Nel 1860 venne nominato senatore del Regno d'Italia e nel 1864 votò a favore del trasferimento della
capitale da Torino a Firenze, in attesa della liberazione di Roma (tale decisione sollevò proteste dei cattolici
reazionari). Nel 1868 divenne presidente di una commissione parlamentare voluta dal ministro
dell'Istruzione Broglio sul problema della lingua nell'Italia unificata, e produsse una relazione intitolata
Dell'unità della lingua e dei mezzi di diffonderla, in cui sosteneva la necessità che la lingua nazionale fosse il
fiorentino e auspicava che il sistema scolastico ne promuovesse l'uso e la conoscenza (incontrò in questa
sua posizione le proteste di altri studiosi e linguisti, tra cui soprattutto Graziadio Isaia Ascoli).
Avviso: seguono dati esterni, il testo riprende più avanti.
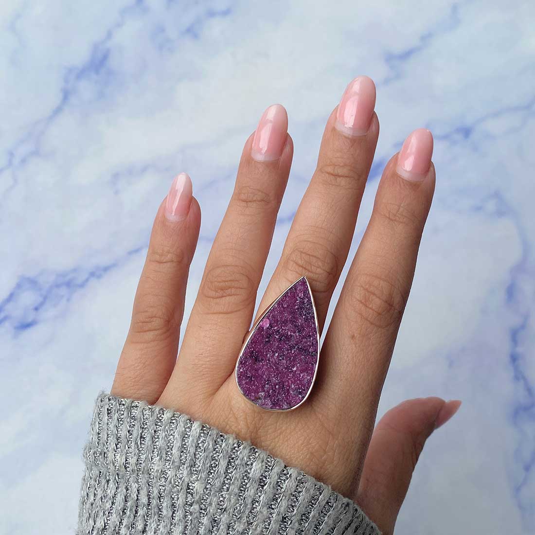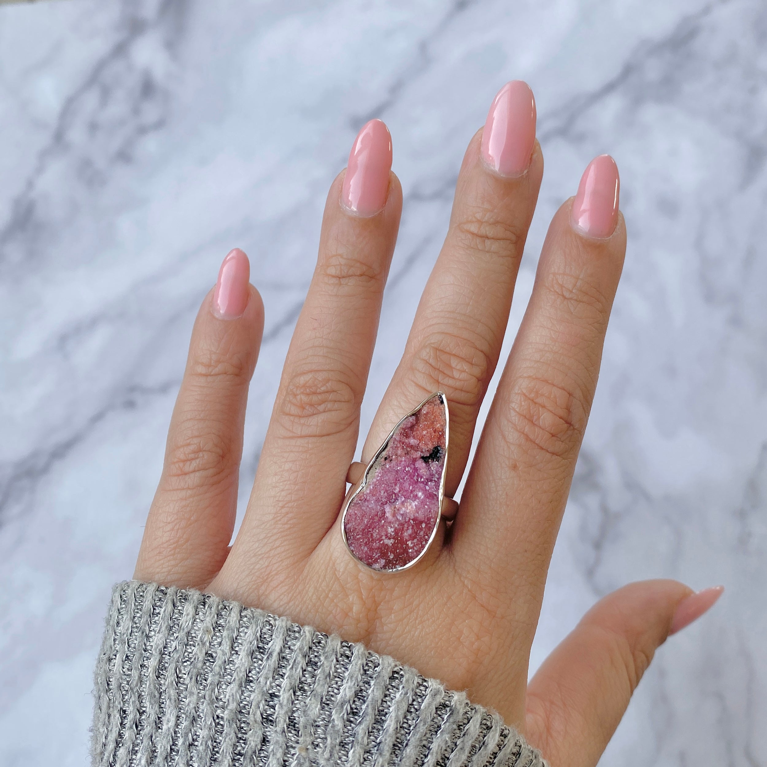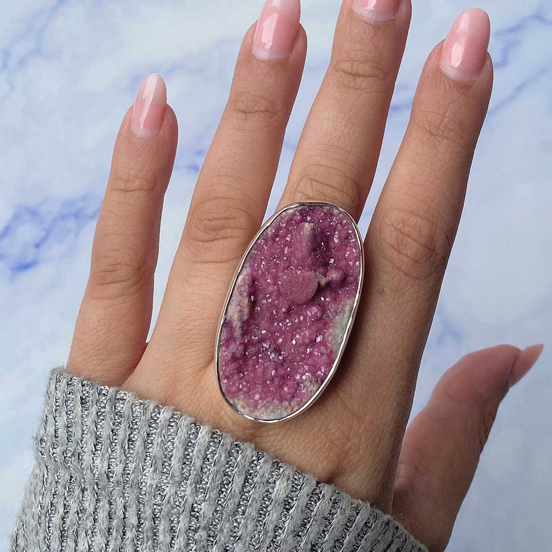 Cobalt Calcite is a mesmerizing stone because of its untextured appearance and reddish-pinkish hue. It is also known as Pink Cobalt Calcite and Cobalto Calcite. It is highly sought after because of its beauty and stunning formation. It is a unique and rare type of calcite because of the cobalt present in it. The more cobalt present in calcite stone, the darker it will be. Cobalt Calcite is a powerful healing stone because of its potent healing powers. Wearing a Cobalt Calcite ring enhances personality and provides healing powers. It is a perfect choice for those who are suffering from mental health issues or physical health. It usually crystallizes as rhombohedral or scalenohedral crystals in the trigonal system. It frequently manifests as botryoidal (grape-like) clumps or druzy crusts.

Negli ultimi
anni si accentuarono certi disturbi nervosi di cui aveva sempre sofferto, come l'agorafobia (ovvero il terrore
degli spazi aperti e della folla) di cui si ravvisa traccia anche in passi delle sue opere, mentre nel 1872
accettò la cittadinanza onoraria di Roma, sollevando lo scandalo dei clericali. Morì il 22 maggio del 1873 a
Milano, per i postumi di una brutta caduta riportata all'uscita da una chiesa, e venne sepolto nel Famedio
del Cimitero Monumentale della città, dove riposa tuttora. In sua memoria Giuseppe Verdi compose una
messa da requiem che è rimasta giustamente celebre.